Let’s go through the language model pretraining recipe step by step.

Step 0: Setup the Entry Point

The entry point is remarkably simple in v0.5:

from fairseq2.recipe.cli import train_main
from .recipe import LMTrainRecipe

# Create recipe instance
recipe = LMTrainRecipe()

# Run training with automatic CLI handling
train_main(recipe)

That’s it! Just 3 lines of code to create a complete training entry point.

What :meth:`fairseq2.recipe.cli.train_main` provides automatically:

  • Command line argument parsing with recipe-specific options

  • Configuration loading and validation from files or command line

  • Distributed training setup with proper process group initialization

  • Logging configuration with structured output and metrics

  • Error handling with graceful shutdown and debugging support

  • Checkpoint management with automatic save/load functionality

Then what we need to do is to build our LMTrainRecipe class.
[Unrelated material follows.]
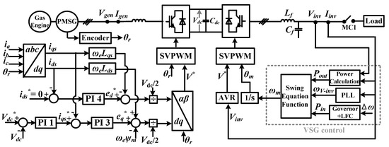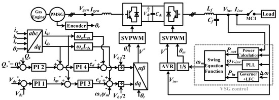 In this paper, a fully controllable frequency converter was employed in the PMSG based gas engine generator system which was operated in stand-alone mode as depicted in Figure 1. The whole system included an engine, a surface mounted PMSG, two IGBT-based back-to-back power converters with a dc link, and a load. This study was performed with three main objectives. The first one was to improve the generator output stator current waveform by using an active rectifier instead of a diode rectifier. The second was to support a smooth power transition during load changes by applying the VSG control on the load side converter. The third objective was to evaluate the performance of the proposed system by using different control strategies on the PMSG side converter. In order to achieve the mentioned objectives, the system responses were studied under loading and load removal cases in a PSCAD software environment. The rest of the paper is organized as follows: The VSG control scheme for the control of load side converter is explained in Section 2. The mathematical model of a PMSG and the CSV control method are presented in Section 3. The simulation results of the system with a diode rectifier and with the proposed active rectifier are discussed in Section 4. The simulations of the proposed PMSG system with different control strategies are performed in Section 5. Finally, this paper is concluded in Section 6.

As a quick preview, here is the skeleton of the recipe class:

from fairseq2.recipe.base import RecipeContext, TrainRecipe

@final
class LMTrainRecipe(TrainRecipe):
    """Language model pretraining recipe."""

    @override
    def register(self, container: DependencyContainer) -> None:
        """Register dataset family with the dependency container."""
        register_dataset_family(...)

    @override
    def create_trainer(self, context: RecipeContext) -> Trainer:
        """Create the trainer with model and data configuration."""
        ...
        # TODO: build this config class for our recipe
        config = context.config.as_(LMTrainConfig)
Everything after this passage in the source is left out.